My name is Lauren Brown and I’m 20 years old. Throughout my life, I have experienced wavering levels of anxiety and depression. About a month ago, I decided to quit my third year as a member of New York University’s Varsity Women’s basketball team, partially because of the heightened anxiety I felt on and off of the court. As I grew up in an environment that valued a misconstrued concept of mental toughness, and found heroism in “overcoming the pain,” it took me a while to recognize the ways in which I’d forced myself to take on an unfamiliar and overly aggressive temperament in an effort to feel powerful and “sane.” Temperament is defined as a manifested state of being. In other words, it is a consistent, and yet, a controllable nature of feeling.
I have found that within the culture of athletics, the concept of mental illness is often seen as a weakness. This is why I believe that it is crucial to voice the normalcy of depression and anxiety, especially for a college athlete. Although I have chosen to pursue my other academic and artistic interests at NYU, I will remain an active advocate for the normalization of mental illness for current student athletes, as well as the athletes who have decided to quit their collegiate sports teams.
Unfortunately, there is an even greater level of disdain that surrounds a player who has decided to step away from the sport that they’d once found the greatest amount of comfort in. Many of us may assume that these players were not mentally tough enough or ready for the intensity of each practice or game, when in reality, this way of thinking will only limit an individual’s ability to empathize with someone who is choosing to leave a piece of themselves that, at one point, reflected almost every aspect of their identity. For these reasons, we must continue to emphasize the importance of perspective, as we push ourselves to understand the fact that every person has a different kind of temperament when dealing with challenges and change.
I lapse into a familiar state of being,
Especially when I feel lonely.
I get sad.
It makes me feel
Homeless in my own home
Irrelevant to a world that loves me
Depleted by daylight and talking.
I stop believing in the person who is nice to me.
It makes me feel
Helpless in moments of crying
Absent to my mindless wondering
Confused by loud noises and complete silence.
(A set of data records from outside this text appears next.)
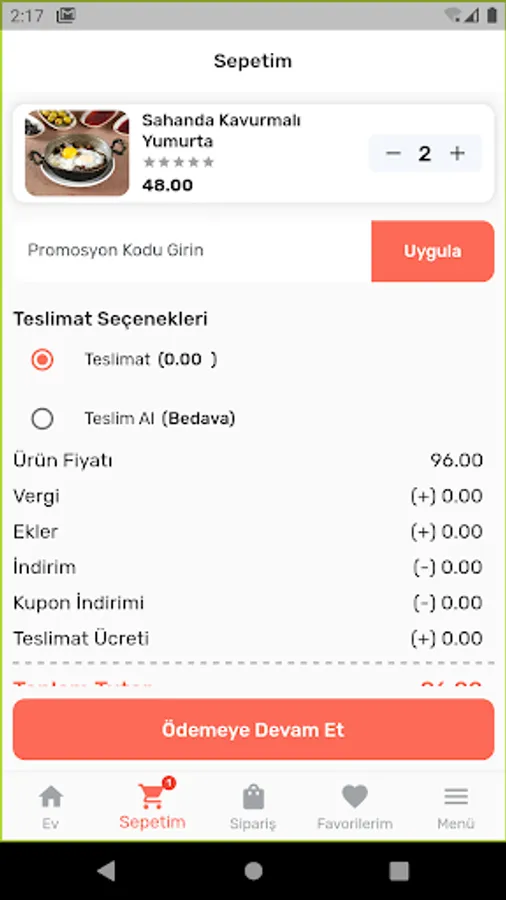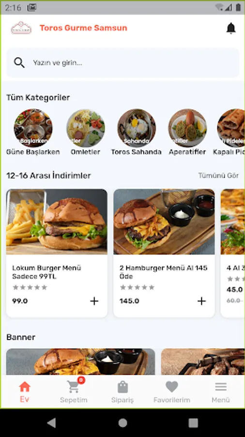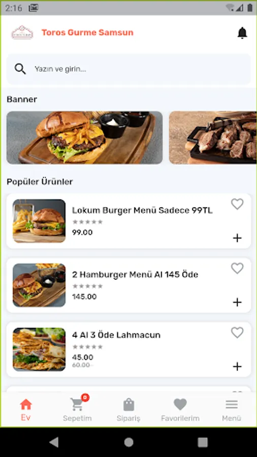 You can order easily thanks to Samsun Toros Gourmet Order Application. It provides service only in Samsun/Atakum region.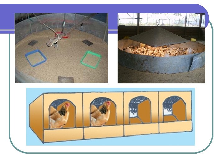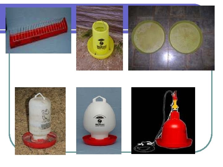 PERALATAN KANDANG A. Induk Buatan (brooder) - Pemanas; sumber listrik, minyak tanah (semawar) gas (gasolec), batu bara - Pembatas berbentuk lingkaran (chicken guard); bahan kayu, seng atau kardus B. Tempat Makan - Feeder tray - Bulat (round) round feeder atau hanging feeder, kapasitas 1, 3, 5, 7, 10 kg konvensional atau otomatis - Memanjang (trought) peternakan tradisional C. Tempat Minum - Bulat round waterer/drinker bell kapasitas 600 ml, 1 liter, 1 -2 galon konvensional atau otomatis - Cup, nipple dan kombinasinya D. Sarang (Nest) - Tipe petelur terbuat dari kayu atau logam - 1 sarang untuk 5 ekor ayam, dengan ukuran 30 x 45 x 50/60 cm (
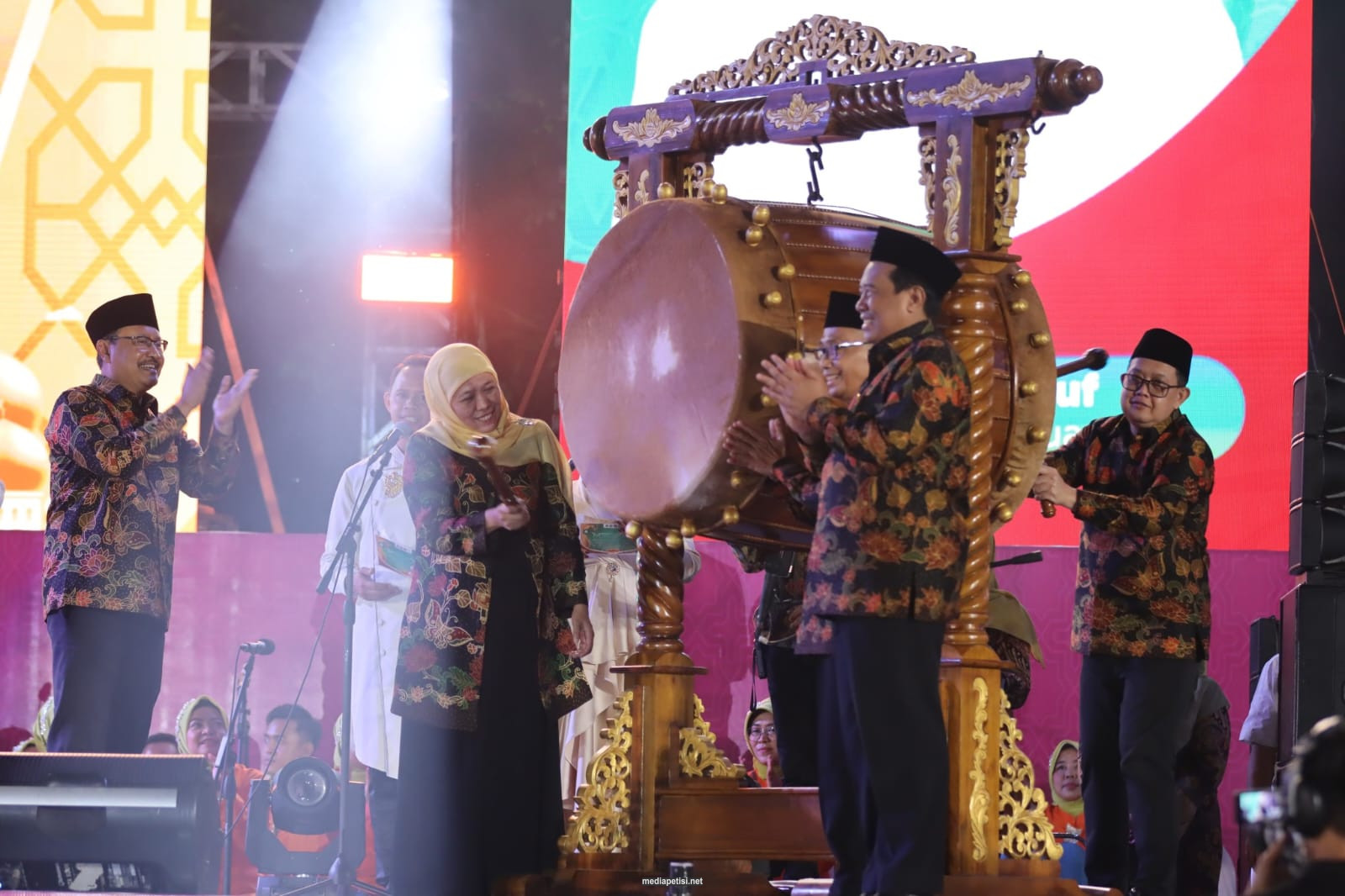 Caption Foto : Gubernur Khofifah bersama Wali Kota Pasuruan Saifullah Yusuf, Sekretaris Daerah Adhy Karyono serta para pejabat saat memukul bedug menandai pembukaan MTQ XXX Jatim 2023

As doubt surrounds all that I have ever wanted:
I get cold more easily
Because my mind seems empty
And, my taste feels limiting.
It makes me feel
Common in the rain, when I usually like dancing
Veiled to the abundance of warmth, that I typically find amazing
Curious by ways of survival, while attempting to harness the yearning.
Lost in my own body:
to breathe a breath that’s not as heavy.
I hate when I feel so sad
Because the cold finds me more readily
And, I begin to ache more quickly.
I hate when I feel sad.
So, I search for a mood to keep me moving.